— GIVEN DATA —
= = =
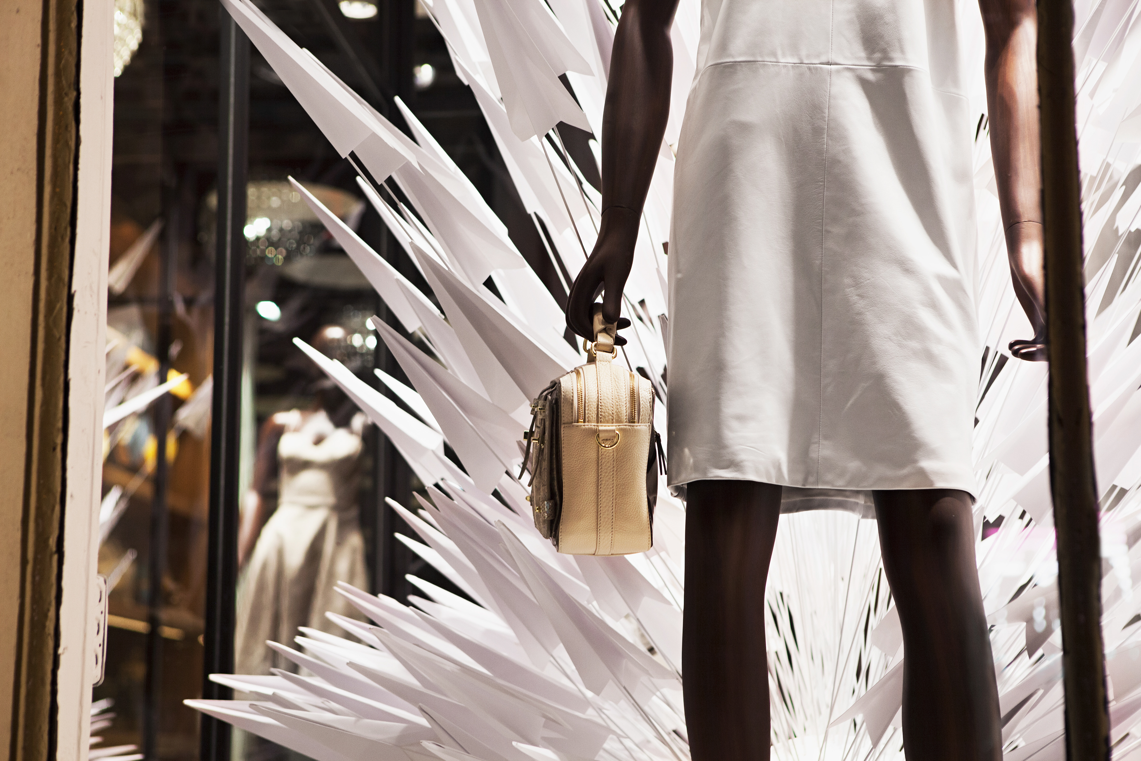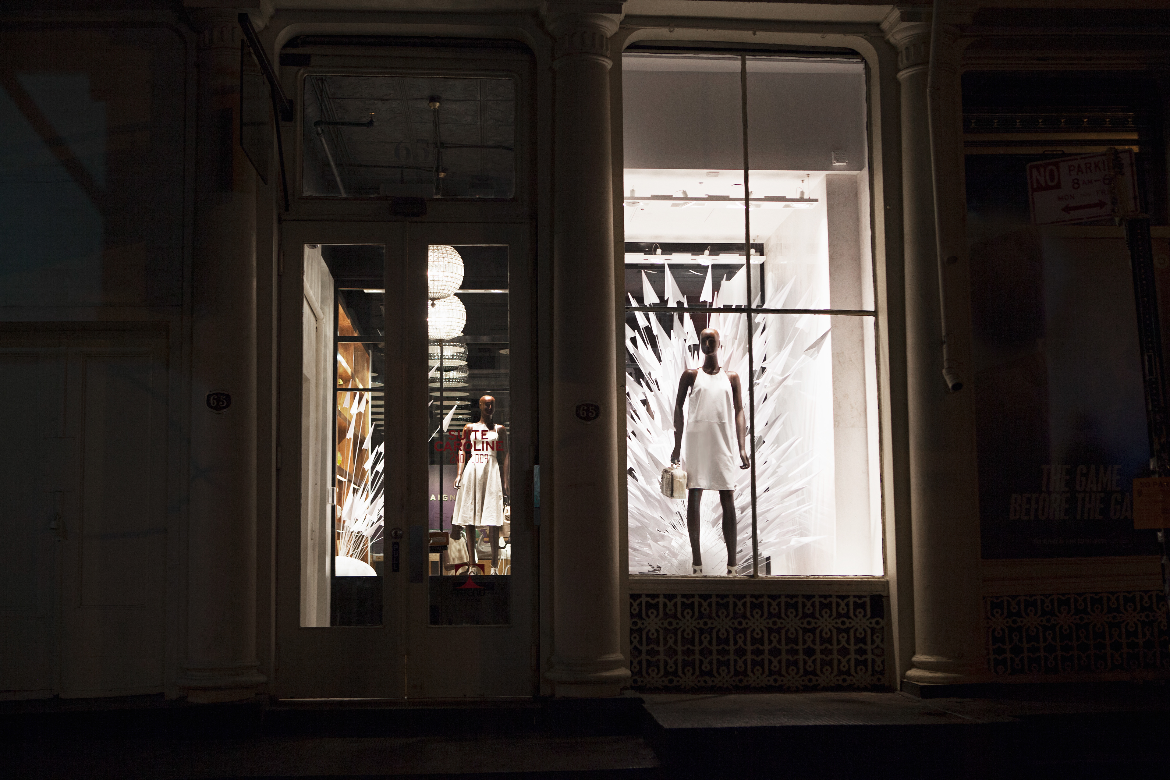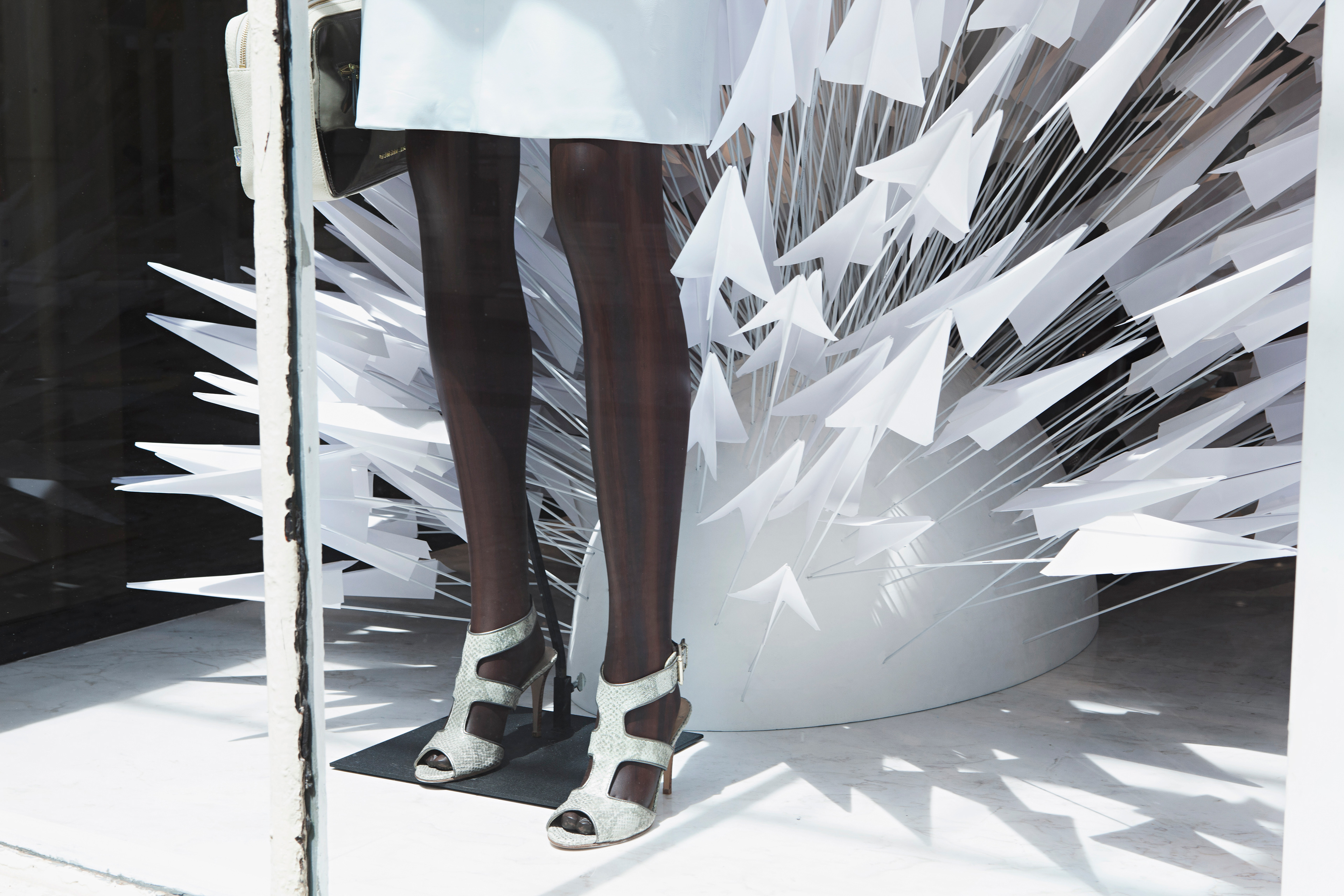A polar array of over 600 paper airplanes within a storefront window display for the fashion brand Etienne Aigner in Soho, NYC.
= = =
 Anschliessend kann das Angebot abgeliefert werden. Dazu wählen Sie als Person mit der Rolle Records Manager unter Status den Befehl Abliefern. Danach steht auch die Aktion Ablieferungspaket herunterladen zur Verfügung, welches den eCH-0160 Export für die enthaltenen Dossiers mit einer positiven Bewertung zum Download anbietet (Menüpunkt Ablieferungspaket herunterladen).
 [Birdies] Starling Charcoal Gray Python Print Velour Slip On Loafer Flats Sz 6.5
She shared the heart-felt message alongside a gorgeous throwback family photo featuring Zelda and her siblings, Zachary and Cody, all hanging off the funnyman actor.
= = =
— YOUR INSTRUCTIONS —
Only the lines above starting at the one containing "[Birdies] Starling Charcoal" and ending at the one containing "She shared the", both included, are to be returned, exactly as they read.

— EXERCISE OUTPUT —
 [Birdies] Starling Charcoal Gray Python Print Velour Slip On Loafer Flats Sz 6.5
She shared the heart-felt message alongside a gorgeous throwback family photo featuring Zelda and her siblings, Zachary and Cody, all hanging off the funnyman actor.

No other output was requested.